Innsbruck/Umhausen - Am Rande von Tirols größtem Wasserfall, dem Stuibenfall im Ötztal, haben am Dienstag Bundeskanzler Wolfgang Schüssel und Landeshauptmann Herwig van Staa ihre Unterschrift unter die VP-Initiative einer "rot-weiß-roten Wassercharta" gesetzt. Die in zehn knappen Punkten formulierte politische Absichtserklärung war von Schüssel und Landwirtschaftsminister Josef Pröll erstmals vor einem Monat in Reichenau an der Rax unterzeichnet worden, weitere sommerliche Wasserevents sollen folgen.

Alpenschutzkommission

Konkreteres hat die internationale Alpenschutzkommission Cipra mit ihrem Entwurf zu einem Protokoll "Wasser" im Rahmen der Alpenkonvention im Sinn. Acht derartige Protokolle, u. a. zu den Themen Tourismus, Bergwald und Verkehr, sind bereits ausverhandelt und ratifiziert. "Es sind somit völkerrechtlich verbindliche Verträge, die auch einklagbar sind", betont der österreichische Cipra-Vertreter Peter Haßlacher.

Ein zentraler Punkt des Cipra-Vorschlages ist die internationale Zusammenarbeit, etwa mit einem integrierten Flussmanagement bei grenzüberschreitenden Flüssen wie Rhein und Inn. Sinnvoller Hochwasserschutz und vertretbare Nutzung seien nur durch gemeinsame Festlegungen und Aufteilung der Kosten auf alle betroffenen Länder möglich, meint Haßlacher.

Gletscherschutz

Vorgeschlagen wird auch ein Verbot "weiterer Erschließungen von Gletschern mit Infrastrukturen zu touristischen Zwecken". Setzt sich diese unmissverständliche Formulierung durch, wäre die Debatte um den Ausbau des Pitztaler Gletschers vom Tisch - allerdings befürchtet Haßlacher, dass diese Regelung erst in Kraft treten wird, wenn die Genehmigungsverfahren längst über die Bühne sind.

Beschneiung von Skipisten

Dauerhaft will das Protokoll die künstliche Beschneiung von Skipisten eingrenzen. Dieses touristische Interesse soll der Sicherung der Trinkwasserversorgung untergeordnet werden. Wassermangel, wie etwa im vergangenen Winter in manchen Regionen Kärntens und Südtirols, wäre dann Geschichte.

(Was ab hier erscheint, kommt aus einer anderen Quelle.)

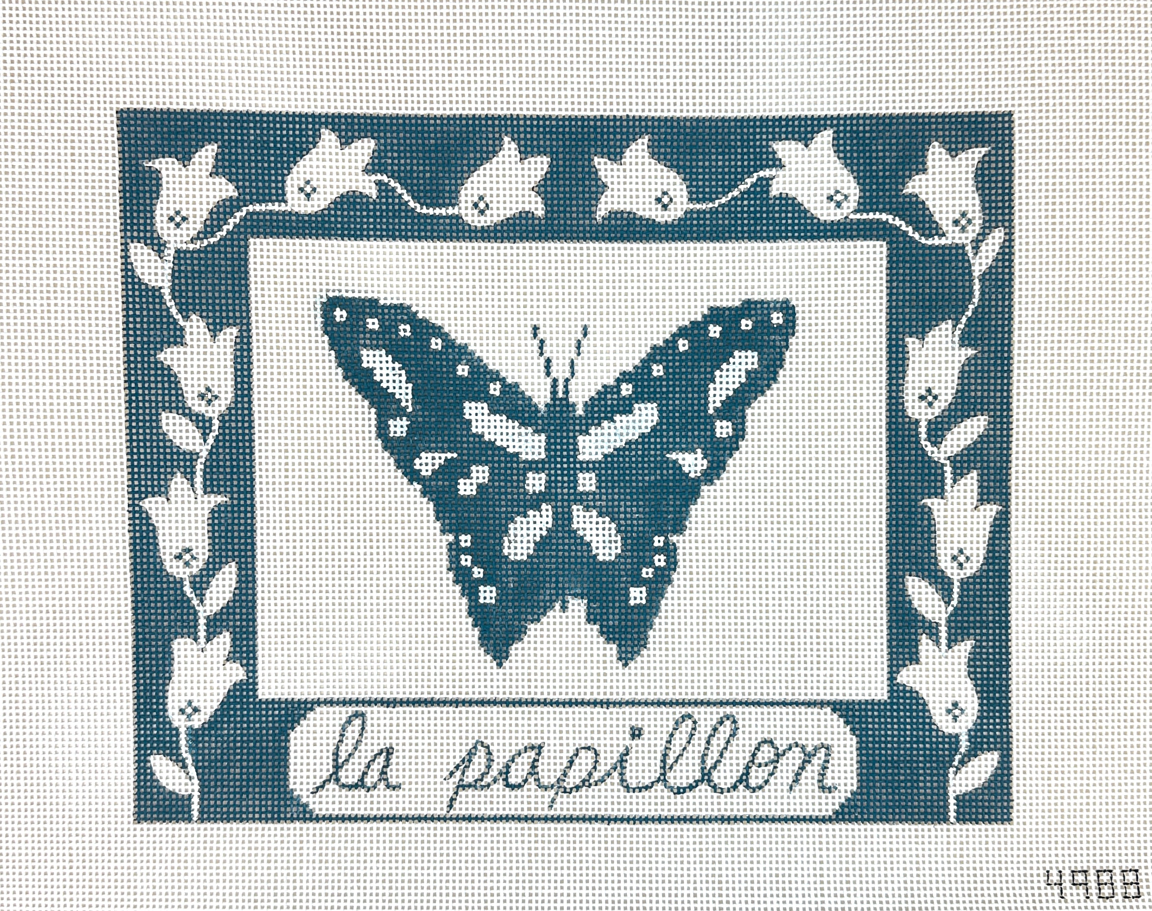 This is a hand painted needlepoint canvas by Alice Peterson Co. featuring a butterfly in classic blue and white.

Minister Pröll hat der Cipra Unterstützung bei den Zielen des Wasserprotokolls zugesagt und eine Initiative Österreichs beim nächsten Ständigen Ausschuss der Alpenkonvention im September in Reichenhall angekündigt. Günstigenfalls könnte das Wasserprotokoll im November 2004 beschlussreif sein, erklärt Haßlacher.

Keine Regelung kann das derzeitige massive Abtauen der alpinen Gletscher verhindern. 20 Grad im Hochgebirge und Plusgrade auch während der Nacht waren zuletzt keine Seltenheit. Tirols einst für den Sommerskilauf erschlossene Gletschergebiete haben den Betrieb längst eingestellt (ausgenommen der Hintertuxer Gletscher). (Hannes Schlosser, DER STANDARD Printausgabe 6.8.2003)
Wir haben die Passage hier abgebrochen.